We should stick with 1.1Ghz and 12 GB LPDDR5 as a base case for sure but can someone extrapolate what the best case clock speeds & performance would be given a bandwidth ceiling with 16GB & LPDDR5X?
@Thraktor explained why we feel like we're stuck with the bandwidth limits of LPDDR5, but figured I'd step in and answer your question directly. Note - this is all
@Look over there's work, I'm just recapping.
All of the RTX 30 cards float around 30 GB/s of memory bandwidth for every TFLOP of performance. So in order to perform in the same ballpark as an RTX 30 card, the GPU needs that much bandwidth.
In a console, the CPU and the GPU share a memory bus, unlike PCs. This has performance advantages, but means you will need extra bandwidth for the CPU. CPU performance will need to keep up with GPU performance, generally, so a 20% premium is a good estimate.
That's the origin of the 3 TFLOP limit. 30 GB/s * 3 TFLOPS * 1.2 = 108GB/s, just a touch higher than the 102 GB/s that would be the max for LPDDR5.
There are some caveats.
First, obviously, not all RTX 30 cards go as high as 30GB/s/TFLOP. The highest end (RTX 3090 Ti) and the lowest end (RTX 3050) both hit 25 GB/s. That may seem unintuitive, but think of it this way. The highest end card is about pushing as much performance as possible. Extra TFLOPS past the bandwidth limit aren't
useless they're just
less useful. The 3090 Ti is a waste of electricity and money, delivering only marginal improvements for it's huge cost premium, but it's a card targeted at the "fuck it, I don't care, card go brrr" market.

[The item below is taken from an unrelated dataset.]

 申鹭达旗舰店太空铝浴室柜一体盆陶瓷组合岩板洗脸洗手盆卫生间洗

The low end card is sort of the same situation. More bandwidth costs money. The physical silicon is cut down till it hits the cost Nvidia wants, but pushing the GPU clock speed (and thus the TFLOPS) is basically free. So even if those TFLOPS aren't delivering as many frames/pixels as they should, they're still good performance for the $$$.

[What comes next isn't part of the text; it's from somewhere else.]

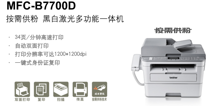 兄弟( brother) 黑白激光打印復(fù)印掃描一體機(jī) MFC-B7700D按需供粉 雙面 標(biāo)配+1個(gè)原裝粉盒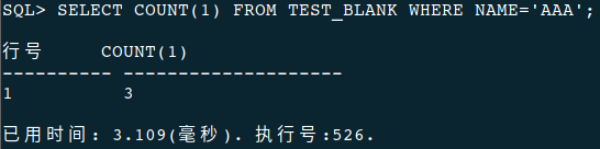 SQL> SELECT COUNT(1) FROM TEST_BLANK WHERE NAME='AAA';

Nintendo is slightly more constrained. Electricity matters a lot more. Every little bit of electricity spent costs battery life. It also means a bigger heat sink, and a bigger fan, which increases the size and the cost of the device, makes it more expensive to ship, and perversely leaves less room for the battery.
We know a little bit about Nintendo's hardware development process - it's a back and forth between the hardware team and the lead software teams. Software wants more performance, more features. Hardware wants to cut costs and hit battery life targets. When software hits a bottleneck, they ask for more power, when hardware hits a bottleneck they try to cut it.That's why we tend to assume that things will land in the area of best balance and peak efficiency. Because that's the place where the Performance that software wants is the cheapest for Hardware to deliver.
But it's possible that software just Needs More Power, and Hardware has to bite the bullet, and push past the bandwidth limit (like Nvidia did on the low end 3050). It's also possible that, while laying out the rest of the design, there are a few spare milliwatts in the budget, and the biggest bang for the buck is to push the GPU clocks a bit, rather than horde it for an extra 10 minutes of battery life (ala the 3090 Ti).
Of course that could also be true for the CPU clocks, or the storage speeds, or the screen brightness, or the WiFi speed or... so even if this situation occurs, that doesn't mean it's reflected in the GPU clocks. A lot of discussion in the past here has been about whether the T239 is more likely to be limited by the GPU, or the CPU, or the memory bus, or the the storage speed, or even the RAM. The fact that there hasn't been a clear consensus on any of those things is a good sign - it means that T239's design seems pretty balanced.
I tend to fall in the camp of "Nintendo went with a big design. Underclocking it would be wasteful, but it's so big that pushing the clocks isn't required either." I think if there is any wiggle room in the design, Nintendo will spend it making the device smaller, and improving battery life.